Rick Allison (real name: Éric Vleminckx, born July 17, 1964, in Brussels) is a Belgian-born Canadian singer, author and  record producer.

Biography

In 1990, Allison met singer Lara Fabian in a piano-bar in Brussels. They started writing their first songs together and went to Montréal in 1991 to work on Fabian's first album. This record came out in 1991 in Canada and was a huge commercial success. Allison produced Fabian's following francophone albums Carpe Diem, Pure and Nue, all of which performed very well and spawned several hit singles in Canada and French-speaking Europe. He also worked on her first English-language album Lara Fabian.

For the Eurovision Song Contest in 2002, Allison wrote the music for the French entry, "Il faut du temps" by Sandrine François. That same year, he contributed three songs on Johnny Hallyday's album À la vie, à la mort, including the single Pense à moi.

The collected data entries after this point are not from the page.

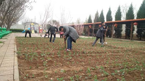清晨七点半,志愿者们便在微寒的天气中于北校区西雕附近集合完毕准备骑车出发。将近二十分钟后,志愿者们顺利抵达杨陵社会福利院,志愿者队长前去与福利院领导进行接洽事宜,而志愿者小队成员则与早起锻炼的爷爷奶奶们交流起来,老人们亲切的询问志愿者们冷不冷,让志愿者们感觉很暖心。之后志愿者们分别在工作人员的带领下进行了油菜花的施肥封土工作和厨房抽油烟机等器械的清理工作,期间有福利院的工作人员与志愿者们进行生活上的谈心,在完成全部工作后,此次活动宣告成功。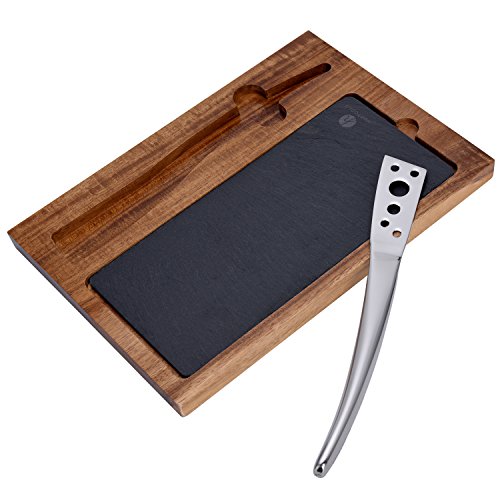 (HUFTGOLD)/Kitchen Dining/Tableware/DIRECT FROM USA/HUFTGOLD Stainless Steel Soft Cheese Knife with Natural Slate and Wood Board. Cheese or Dessert...
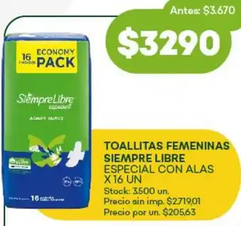 Siempre libre toallitas femeninas especial con alas en promoción en Super MAMI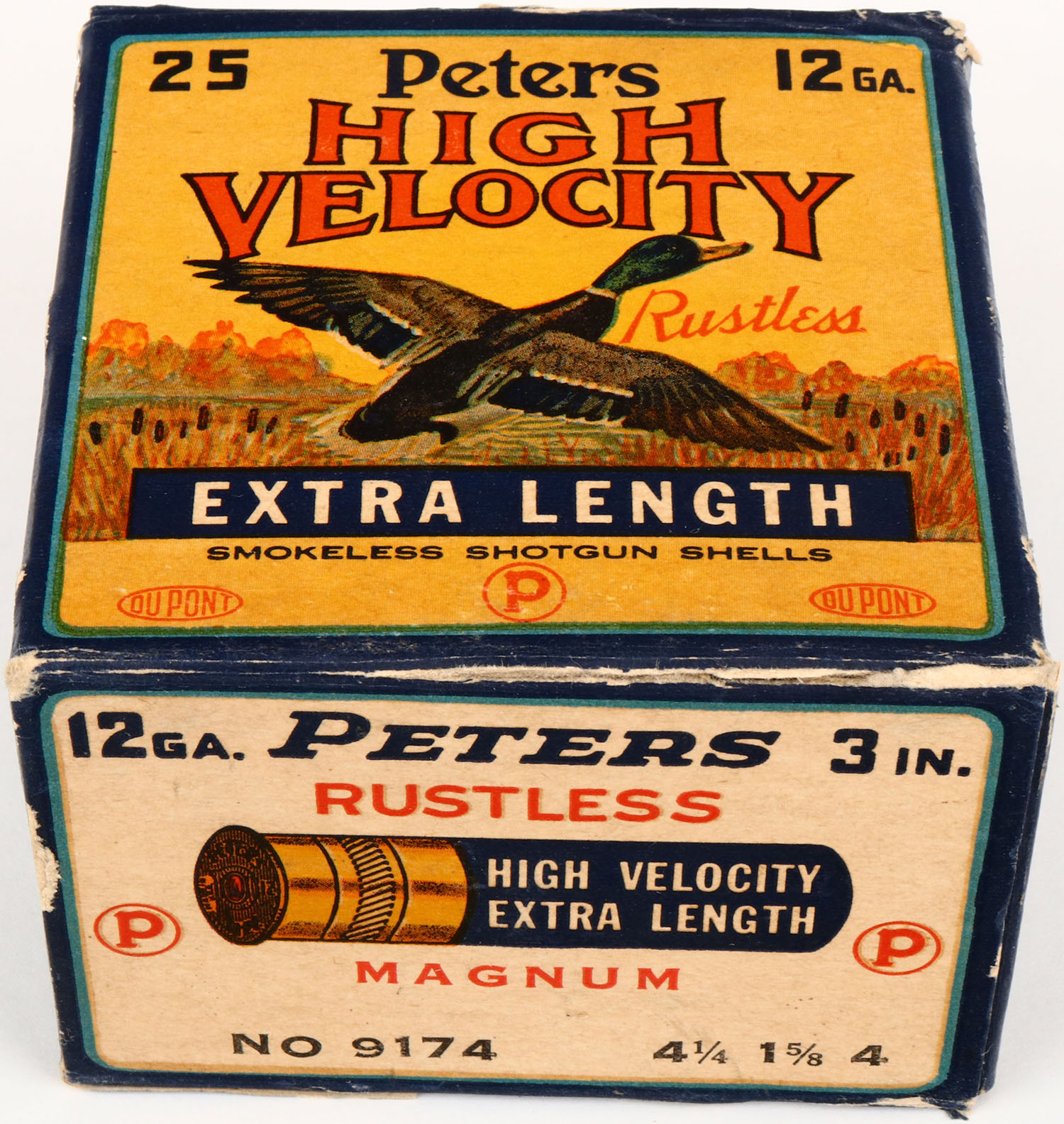 Peters Cart. Co., Bridgeport, CT, High Velocity, Extra Length 12ga. 3 in, Magnum, 1pc., Full, shot size 4, multi colored box that pictures mallard flying out of the marsh grass, has almost torn off top flap, edge wear with nice colors, shells are excellent. Grade: Excellent - Value: 50 to 200
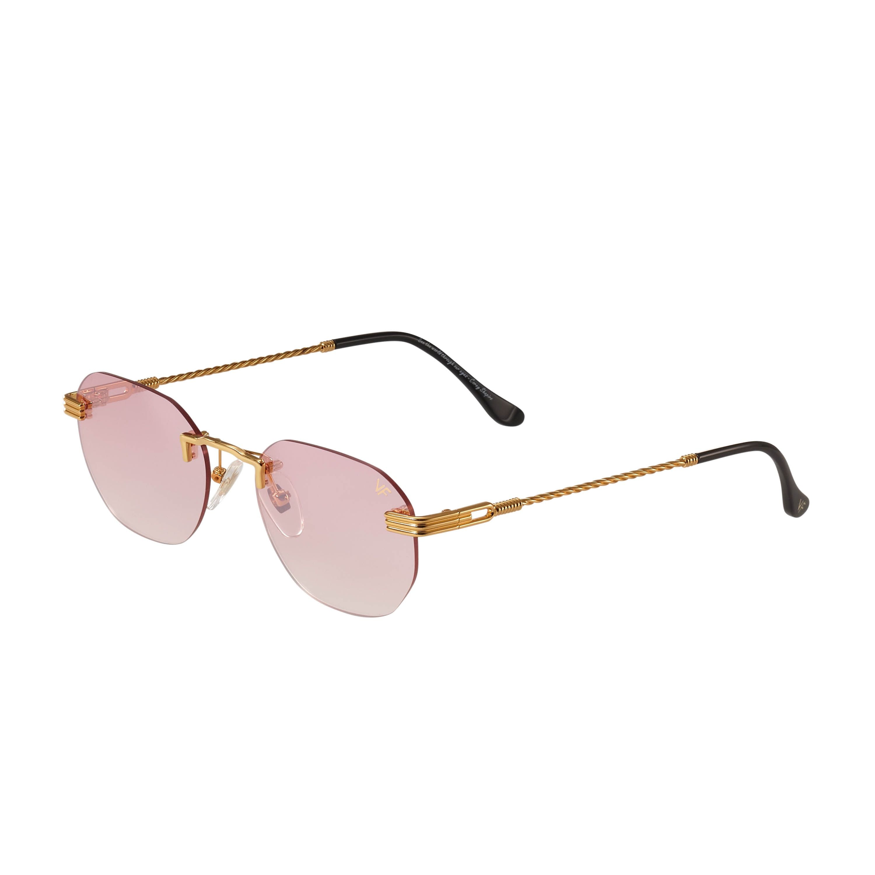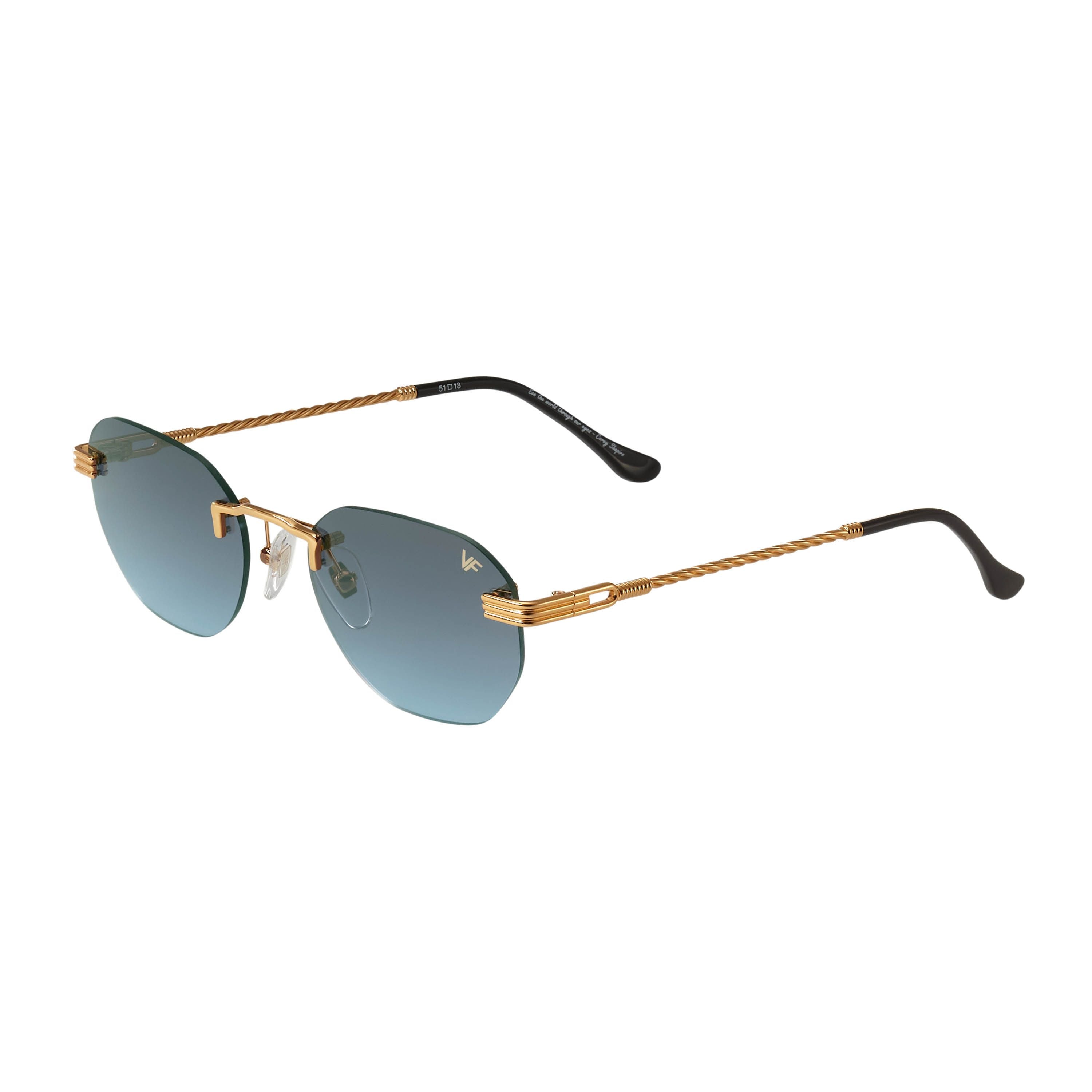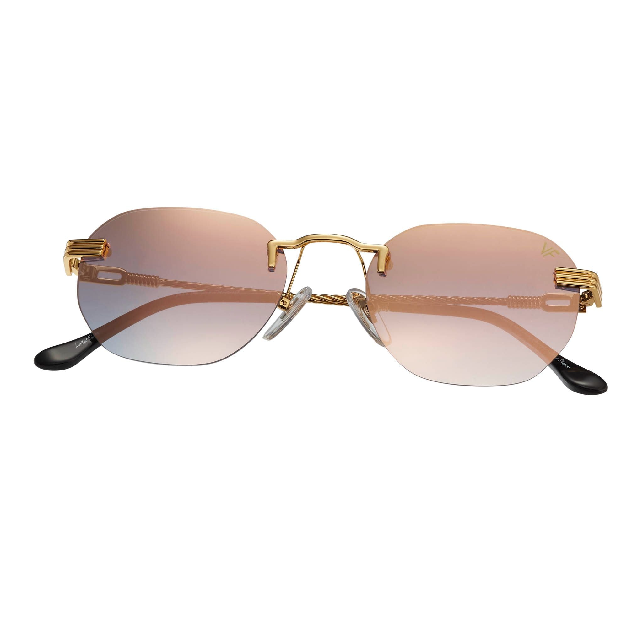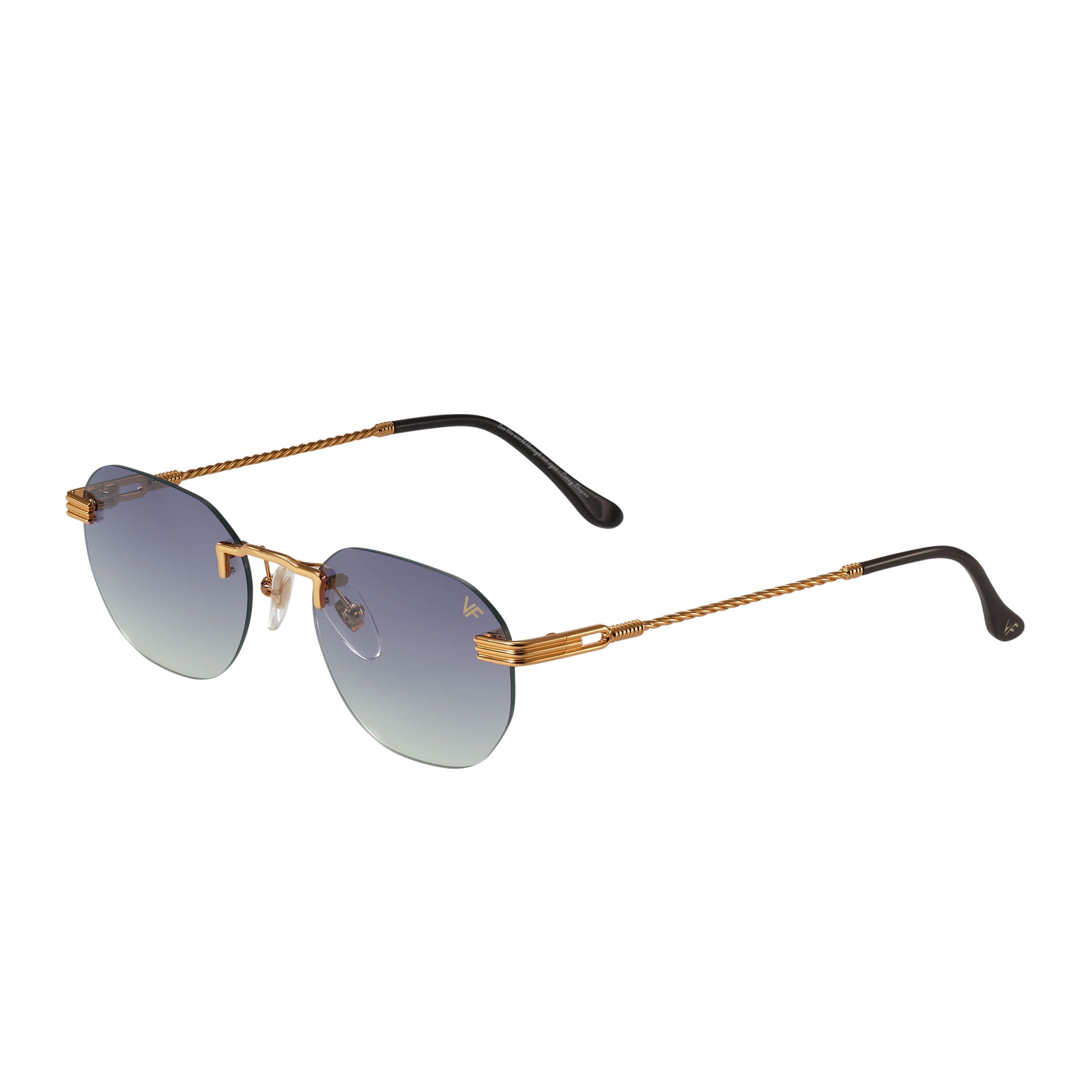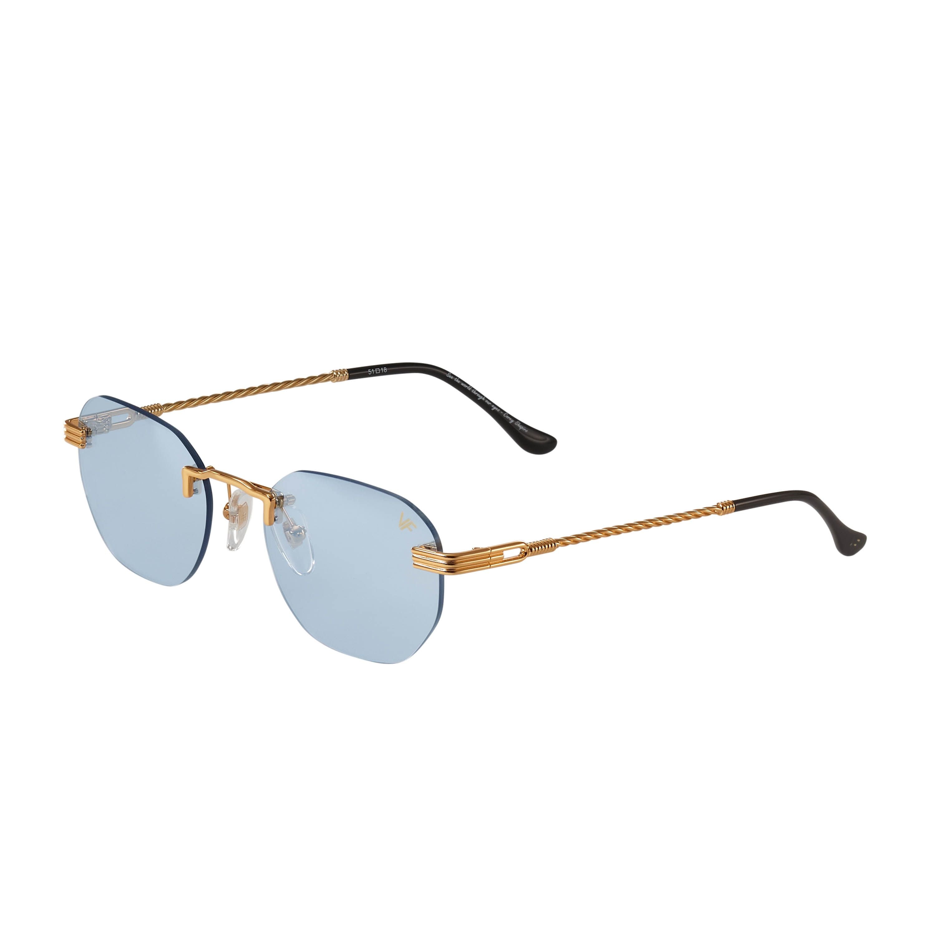 The fastest selling frame of all time is now available in a rimless style. The Detroit Player drill mount has 24kt gold nose bridge and our classic rope detailed arms. Available in an array of our iconic sun lenses and is also available for prescription.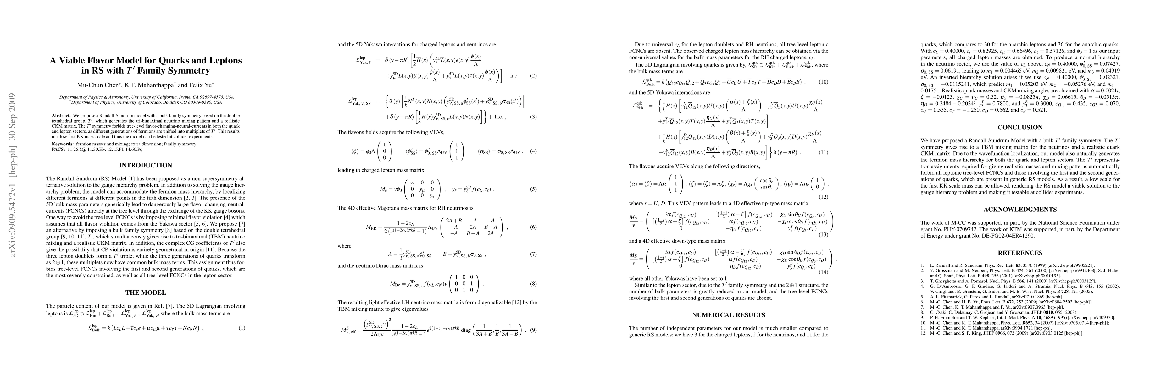 This paper proposes a Randall-Sundrum model utilizing a bulk family symmetry based on the T' group to generate tri-bimaximal neutrino mixing and a realistic CKM matrix. The T' symmetry ensures no tree-level flavor-changing-neutral-currents, making the model testable at collider experiments due to its low first KK mass scale.

Allison had another major success when he produced Chimène Badi's debut album Entre nous in 2003. The single of the same name topped the French Singles Chart. Later on he worked with other young female singers, including Nolwenn Leroy, Julie Zenatti and Élodie Frégé.

In 2004, Allison and Fabian, who had been a couple in real life, broke up and also ended their professional relationship. This was followed by a series of legal battles over the use of the copyright of Fabian's songs. Allison also contributed five songs to Chimène Badi's hit album Dis-moi que tu m'aimes and worked on two songs Michel Sardou's album Du plaisir.

Since, he has composed songs for several French and French-Canadian singers such as Gino Quilico, Vincent Niclo, Marc-André Fortin, Suzie Villeneuve and Magalie Vaé, for whom he produced the album Magalie in 2006.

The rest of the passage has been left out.